Security staff made the discovery on Nov. 21. The university said an attacker exploited an undetected software flaw in the restricted database over a period of one year, between October 2005 and November 2006. The database contained names, Social Security numbers, dates of birth, home addresses and other contact information, the university said.
"UCLA is notifying all of those individuals in the database, even though a continuing investigation indicates that the computer trespasser sought and obtained only some of the information," according to a statement issued by the university in an alert posted on its Web site. "There is no evidence to suggest that personal information has been misused."

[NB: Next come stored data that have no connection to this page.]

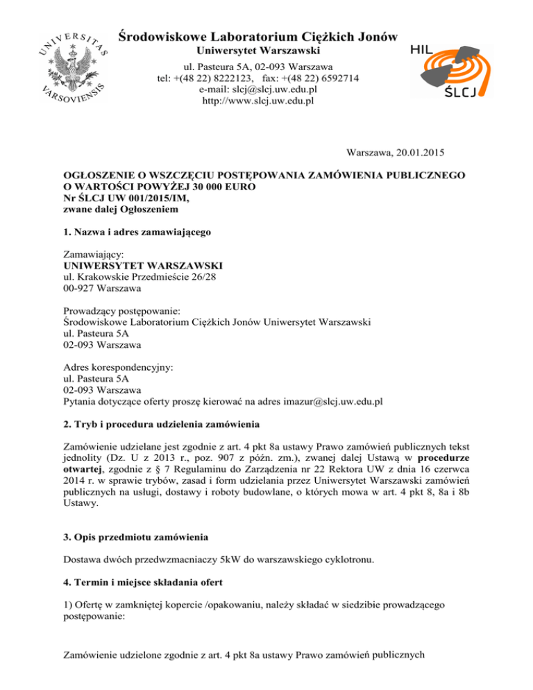 Środowiskowe Laboratorium Ciężkich Jonów Uniwersytet Warszawski ul. Pasteura 5A, 02-093 Warszawa tel: +(48 22) 8222123, fax: +(48 22) 6592714 e-mail: [email protected] http://www.slcj.uw.edu.pl Warszawa, 20.01.2015 OGŁOSZENIE O WSZCZĘCIU POSTĘPOWANIA ZAMÓWIENIA PUBLICZNEGO O WARTOŚCI POWYŻEJ 30 000 EURO Nr ŚLCJ UW 001/2015/IM, zwane dalej Ogłoszeniem 1. Nazwa i adres zamawiającego Zamawiający: UNIWERSYTET WARSZAWSKI ul. Krakowskie Przedmieście 26/28 00-927 Warszawa Prowadzący postępowanie: Środowiskowe Laboratorium Ciężkich Jonów Uniwersytet Warszawski ul. Pasteura 5A 02-093 Warszawa Adres korespondencyjny: ul. Pasteura 5A 02-093 Warszawa Pytania dotyczące oferty proszę kierować na adres [email protected] 2. Tryb i procedura udzielenia zamówienia Zamówienie udzielane jest zgodnie z art. 4 pkt 8a ustawy Prawo zamówień publicznych tekst jednolity (Dz. U z 2013 r., poz. 907 z późn. zm.), zwanej dalej Ustawą w procedurze otwartej, zgodnie z § 7 Regulaminu do Zarządzenia nr 22 Rektora UW z dnia 16 czerwca 2014 r. w sprawie trybów, zasad i form udzielania przez Uniwersytet Warszawski zamówień publicznych na usługi, dostawy i roboty budowlane, o których mowa w art. 4 pkt 8, 8a i 8b Ustawy. 3. Opis przedmiotu zamówienia Dostawa dwóch przedwzmacniaczy 5kW do warszawskiego cyklotronu. 4. Termin i miejsce składania ofert 1) Ofertę w zamkniętej kopercie /opakowaniu, należy składać w siedzibie prowadzącego postępowanie: Zamówienie udzielone zgodnie z art. 4 pkt 8a ustawy Prawo zamówień publicznych Środowiskowe Laboratorium Ciężkich Jonów Uniwersytet Warszawski ul. Pasteura 5A, 02-093 Warszawa tel: +(48 22) 8222123, fax: +(48 22) 6592714 e-mail: [email protected] http://www.slcj.uw.edu.pl Środowiskowe Laboratorium Ciężkich Jonów Uniwersytet Warszawski ul. Pasteura 5A 02-093 Warszawa 2) Ofertę należy złożyć nie później niż do dnia 19.02.2015r do godziny 12:00. 5. Sposób przygotowania ofert 1) Zaleca się, aby oferta była złożona na Formularzu ofertowym stanowiącym Załącznik nr 1 do Ogłoszenia. 2) Oferta musi zawierać wszystkie informacje wymagane w treści Ogłoszenia. 3) Oferta musi być podpisana przez osoby uprawnione do reprezentowania wykonawcy (podpisy i pieczęcie oryginalne, należy składać podpisy w sposób umożliwiający identyfikację podpisującego np. pieczęcie imienne). 6. Kryterium oceny i wyboru ofert Wykonawca usługi objętej niniejszym postępowaniem zostanie wybrany na podstawie kryterium: cena - 60 % gwarancja - 20 % szybkość usunięcia awarii - 20 % Procenty zostaną przeliczone w stosunku 1:1 1. Kryterium cena. 60 pkt otrzyma najniższa cena spośród przedstawionych ofert obliczona według następującego wzoru Pkt cena = cena oferty z najniższą ceną x 60 cena oferty badanej 2. Kryterium Gwarancja. 20 pkt otrzyma oferta sprzętu z najdłuższą gwarancją spośród przedstawionych ofert. okres gwarancji oferty badanej x20 najdłuższy okres gwarancji z ofert badanych 3. Kryterium szybkości usunięcia awarii uniemożliwiającej pracę przedmiotu zamówienia. 20 pkt otrzyma oferta z najkrótszym czasem usunięcia awarii. Pkt okres gwarancji = Zamówienie udzielone zgodnie z art. 4 pkt 8a ustawy Prawo zamówień publicznych Środowiskowe Laboratorium Ciężkich Jonów Uniwersytet Warszawski ul. Pasteura 5A, 02-093 Warszawa tel: +(48 22) 8222123, fax: +(48 22) 6592714 e-mail: [email protected] http://www.slcj.uw.edu.pl Pkt czas = czas usunięcia awarii oferty z najkrótszym czasem usunięci awarii x 20 czas usunięcia awarii oferty badanej Wynik ostateczny to suma trzech składowych W= cena + gwarancja +czas. Max liczba punktów do uzyskania to 100 pkt. W przypadku, gdy więcej niż jedna oferta uzyska tyle samo punktów na liście rankingowej ostatecznym kryterium wyboru oferty najkorzystniejszej będzie cena. 7. Termin wykonania zamówienia 1) Wymagany termin (okres) realizacji przedmiotu zamówienia: nie dłużej niż do 24.07.2015 r. 2) Oferty proponujące dłuższy termin zostaną odrzucone. 8. Warunki udziału w postępowaniu Warunkiem udziału Wykonawcy w postępowaniu jest posiadanie wiedzy i umiejętności niezbędnych do należytego wykonania przedmiotu zamówienia. Do formularz oferty Wykonawca złoży odpis z Krajowego Rejestru Sądowego (lub właściwego rejestru) wystawionego nie wcześniej niż 6 miesięcy przed upływem terminu składania ofert, 9. Informacje dotyczące wniesienia wadium i zabezpieczenia należytego wykonania umowy Zamawiający nie będzie żądał wniesienia wadium oraz zabezpieczenia należytego wykonania umowy. 10. Informacje o możliwości unieważnienia postępowania Zamawiający zastrzega sobie możliwość unieważnienia postępowania bez podania przyczyny. 11. Szczegółowy opis przedmiotu zamówienia Zamówienie udzielone zgodnie z art. 4 pkt 8a ustawy Prawo zamówień publicznych Środowiskowe Laboratorium Ciężkich Jonów Uniwersytet Warszawski ul. Pasteura 5A, 02-093 Warszawa tel: +(48 22) 8222123, fax: +(48 22) 6592714 e-mail: [email protected] http://www.slcj.uw.edu.pl Przedmiot zamówienia: I. Przedmiot dostawy: Dwa identyczne wzmacniacze mocy wysokiej częstotliwości, każdy zdolny do dostarczenia co najmniej 5 kW mocy w.cz. II. Szczegółowe wymagania i parametry przedmiotu dostawy: 1. Parametry wzmacniacza mocy a. Zakres częstotliwości pracy wzmacniaczy: 11 MHz do 20 MHz. b. Moc wyjściowa ciągła z obciążeniem 50: minimum 5 kW. c. Podłączenie wyjścia: koncentryczne, złącze typu N, lub uzgodnione z Kupującym. d. Poziom sygnału wejściowego przy nominalnej mocy wyjściowej: maksimum 1Vpp/50Ω. e. Podłączenie wejścia: złącze typu BNC (ew. inne uzgodnione z Kupującym). f. Impedancja wejściowa / wyjściowa: 50 omów +/- 10% w całym zakresie częstotliwości roboczych. g. Stopień mocy – lampa mocy wysokiej częstotliwości: Lampa powinna być łatwo dostępna na rynku europejskim, a konstrukcja wzmacniacza powinna umożliwiać j
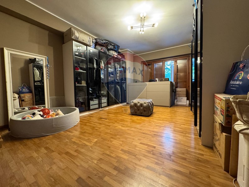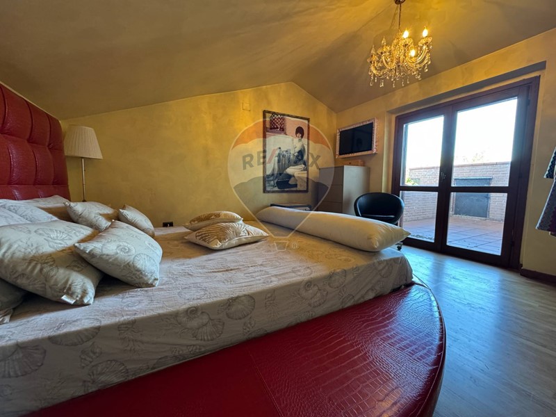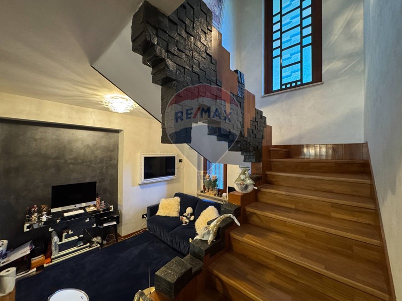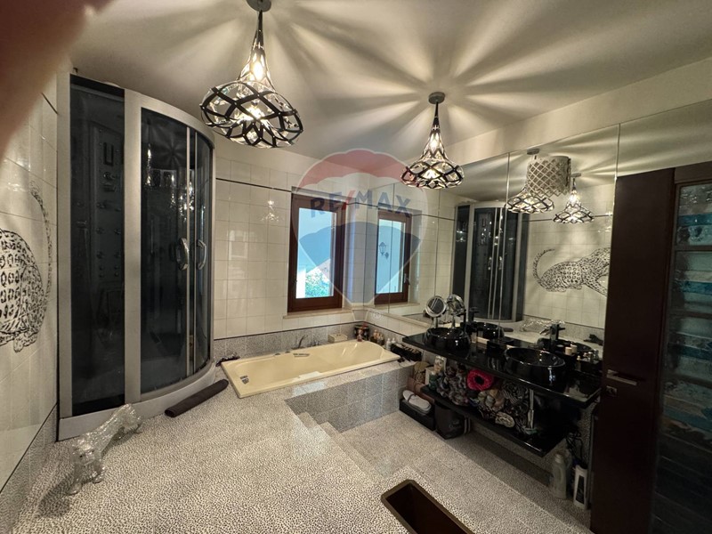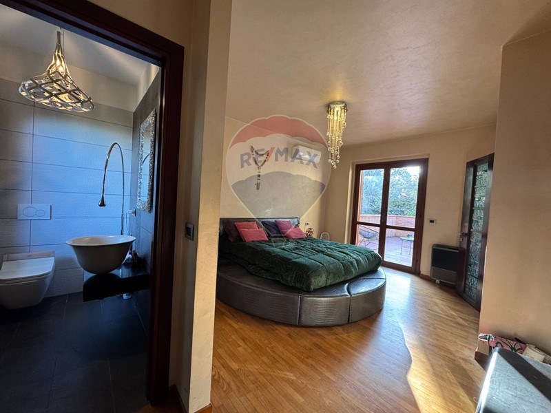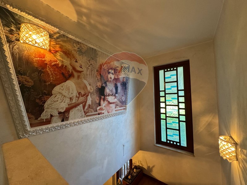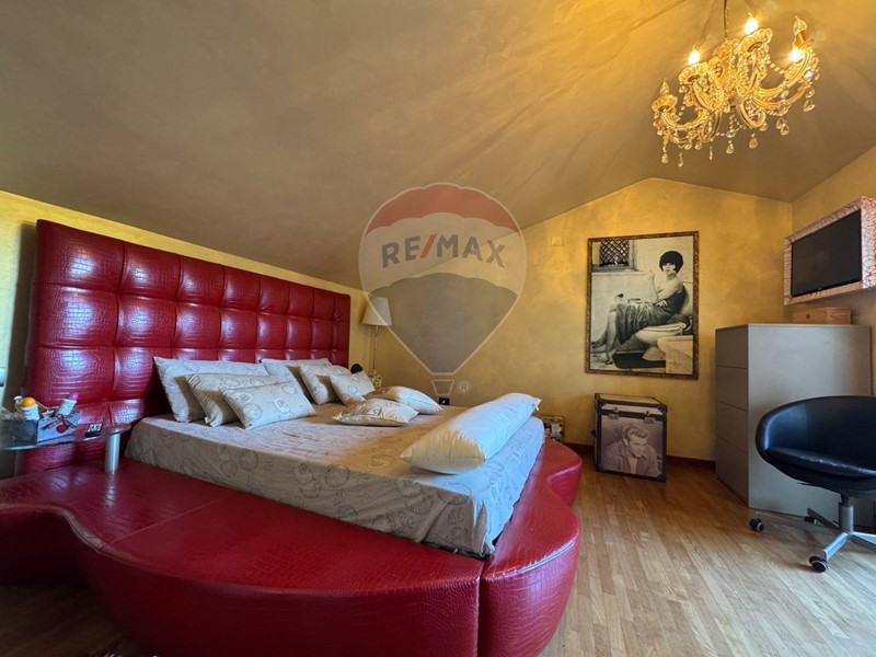 Proseguendo tramite una bellissima scala di design accediamo al piano primo che ospita una grande zona notte con master room che comprende letto matrimoniale con angolo tolette, bagno e ampia camera guardaroba, è inoltre presente una seconda camera matrimoniale e un bagno elegante dalle grandi dimensioni.
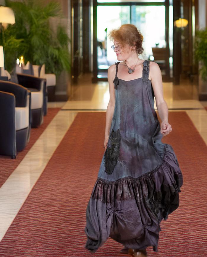 'a playful color game' silk crepe artisanal maxi dress
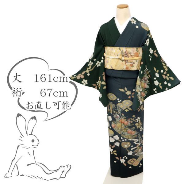 - 【訪問着】 袷着物 吉祥文金彩の四季花模様 墨色グリーン染分け 4HG9

When the discovery was made, security staff immediately blocked access to Social Security numbers and began an investigation, said Norman Abrams, the university's acting chancellor, in a letter sent to potential victims. Abrams said the university also notified the FBI, which is conducting its own investigation.
"While the university currently utilizes sophisticated information security measures to protect this database, several measures that were already underway, have been accelerated," Abrams said.
Data breaches have been making headlines in 2006. According to a list posted by the watchdog group, Privacy Rights Clearing House, dozens of breaches have taken place in recent months. While, the UCLA breach was one of the largest involving a U.S. higher education institution, businesses have been grappling with data protection and notification of breaches.
In August, AT&T notified about 19,000 customers that their personal data was compromised after digital miscreants hacked one of its computer systems and gained access to credit card information and other personal data. In late 2005, a timeshare unit of Marriott International Inc. notified over 200,000 customers that a data on backup tapes were stolen.